In this tutorial we will use the daily Chlorophyll-a dataset. The data will be downloaded from the CoastWatch ERRDAP server: https://coastwatch.noaa.gov/erddap/griddap/noaacwappsS3ABcolorLISDaily.html

For more information on each product refer to:

Install and load packages

pkgTest <- function(x)
{
  if (!require(x,character.only = TRUE))
  {
    install.packages(x,dep=TRUE,repos='http://cran.us.r-project.org')
    if(!require(x,character.only = TRUE)) stop(x, " :Package not found")
  }
}

# Create list of required packages
list.of.packages <- c("rerddap", "tidyverse", "lubridate", "viridis", "ggplot2")

# Create list of installed packages
pkges = installed.packages()[,"Package"]

# Install and load all required pkgs
for (pk in list.of.packages) {
  pkgTest(pk)
}

Select the satellite dataset

We will load the daily Chlorophyll-a dataset from the CoastWatch ERDDAP server.

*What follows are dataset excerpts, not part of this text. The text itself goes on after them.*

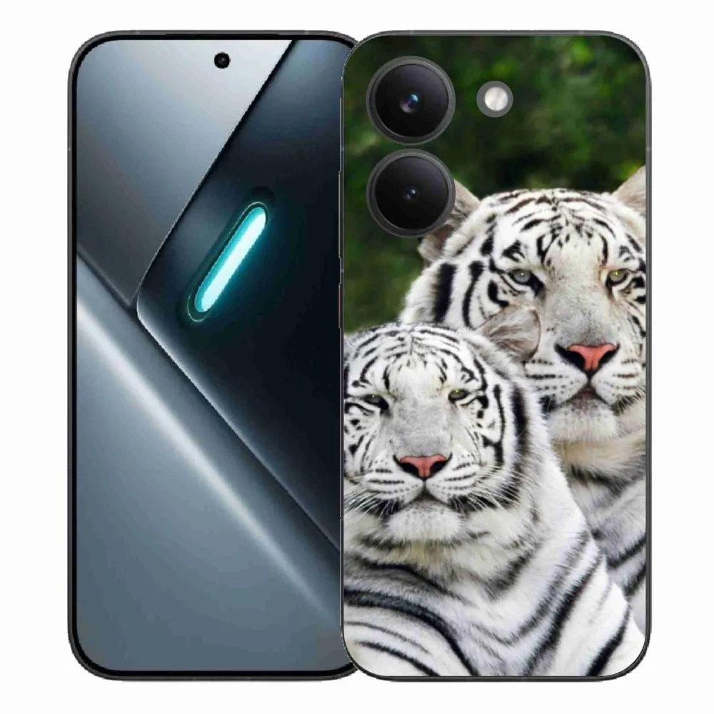 Pouzdro se šelmou na Xiaomi Poco X8 Pro - bílí tygři poskytuje všechny výhody gelových krytů, a to v zajímavém designu.
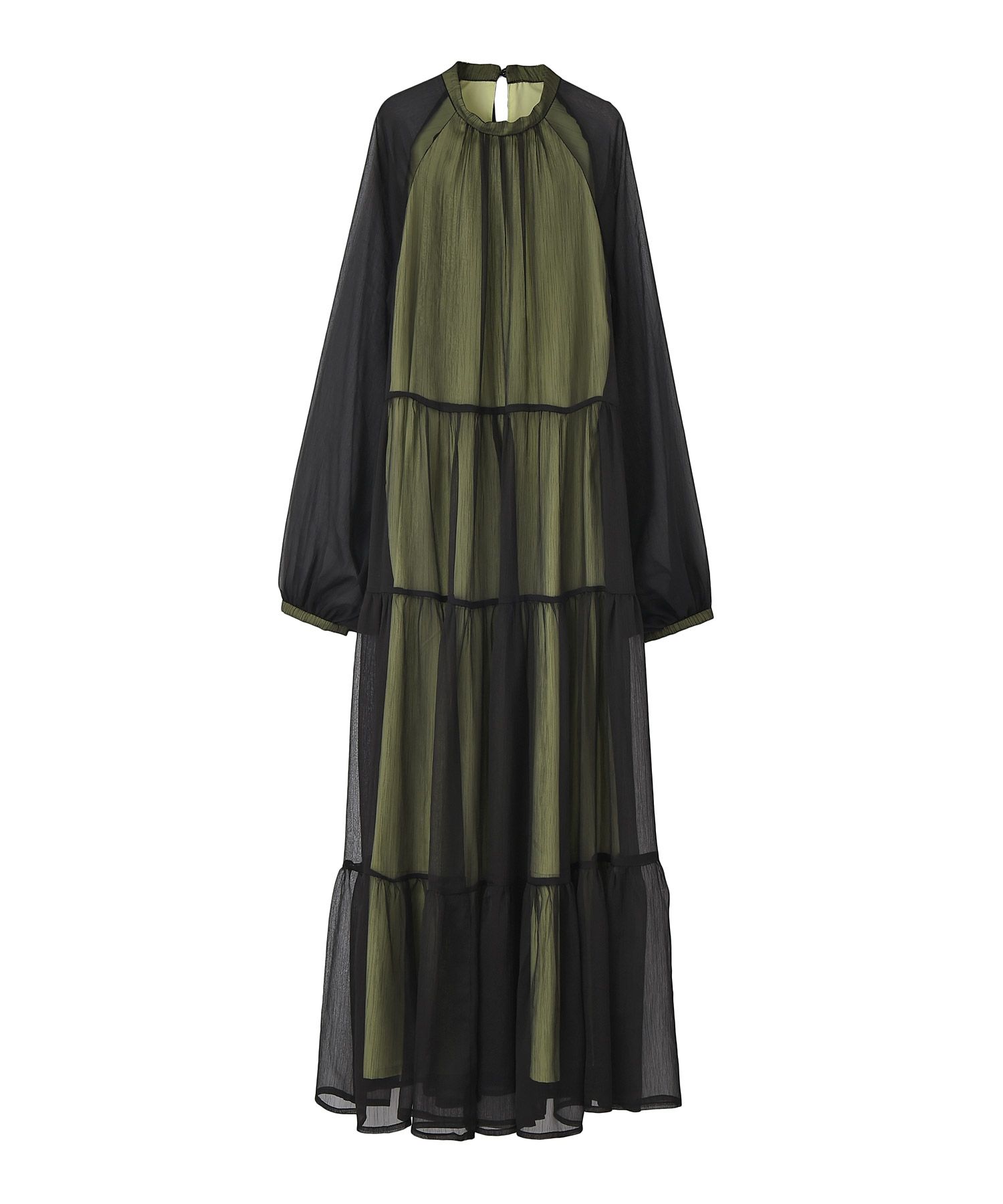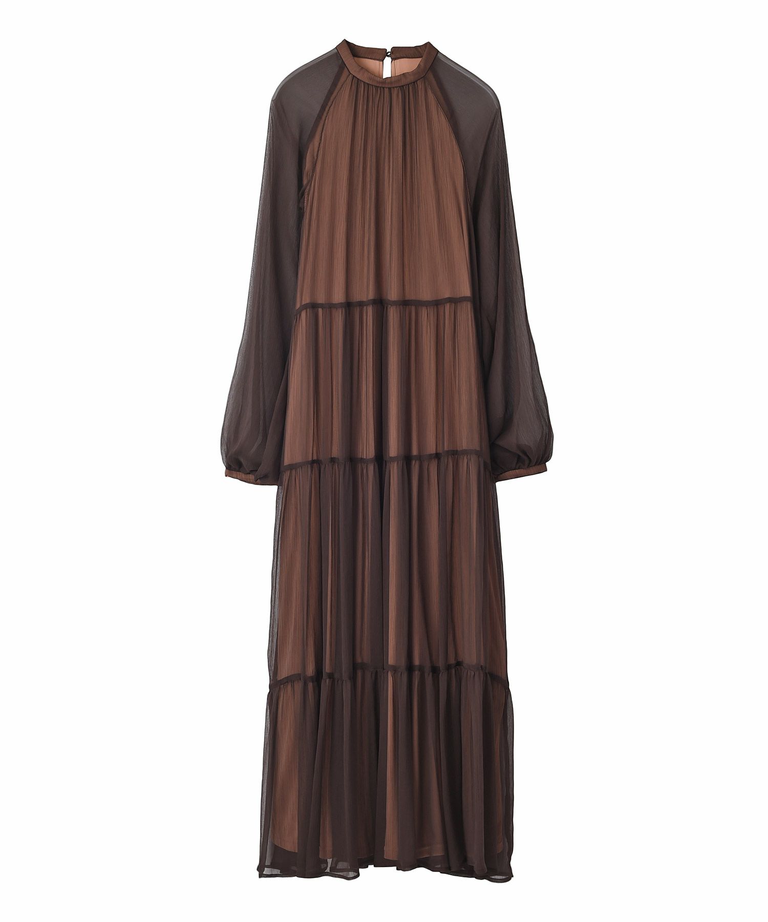 高いウエスト位置からの切り替えデザインがスタイルアップ効果もあり、透け感とハイネックデザインがエレガントかつフェミニンな印象を与えてくれます。
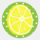 Une tranche de citron jaune sur un arrière - plan rétro vert et blanc.

The dataset ID is noaacwappsS3ABcolorLISDaily.

We will use the info function from the rerddap package to first obtain information about the dataset of interest, then we will import the data.

# Set the ERDDAP URL
erddap_url <- "https://coastwatch.noaa.gov/erddap"

# Set the dataset ID
dataset_id <- "noaacwappsS3ABcolorLISDaily"

# Obtain data info using the erddap url and dataset ID
dataInfo <- rerddap::info(dataset_id,url=erddap_url)  

# Examine the metadata dataset info
dataInfo
## <ERDDAP info> noaacwappsS3ABcolorLISDaily 
## Base URL: https://coastwatch.noaa.gov/erddap 
## Dataset Type: griddap 
## Dimensions (range):  
##     time: (2017-01-01T00:00:00Z, 2025-02-28T00:00:00Z) 
##     latitude: (40.204, 41.5) 
##     longitude: (-74.0, -71.8049) 
## Variables:  
##     cdom: 
##         Units: m^-1 
##     chlor_a: 
##         Units: mg m^-3 
##     doc: 
##         Units: µmole/liter 
##     spm: 
##         Units: mg L^-1 

Subset the data

For this tutorial, we will be focusing on chloropyhll-a throughout 2022 in the Long Island Sound Range.

# Set the time range
time_range <- c("2022-01-01", "2022-12-31")

# Set the ranges for latitude and longitude
lat_range <- c(40.204, 41.5)
lon_range <- c(-74.0, -71.8049)

# Set the parameter
parameter <- 'chlor_a'

Extract the dataset

# Download the chlorophyll-a data
chlor_data <- griddap(
  datasetx = dataset_id,
  url = erddap_url,
  time = time_range,
  latitude = lat_range,       
  longitude = lon_range,
  fields = parameter
)

# View the data
head(chlor_data)

Convert to a tibble and add date/month columns

Converting to a tibble makes the dataset tidy-verse friendly, so we can manipulate the data without headaches.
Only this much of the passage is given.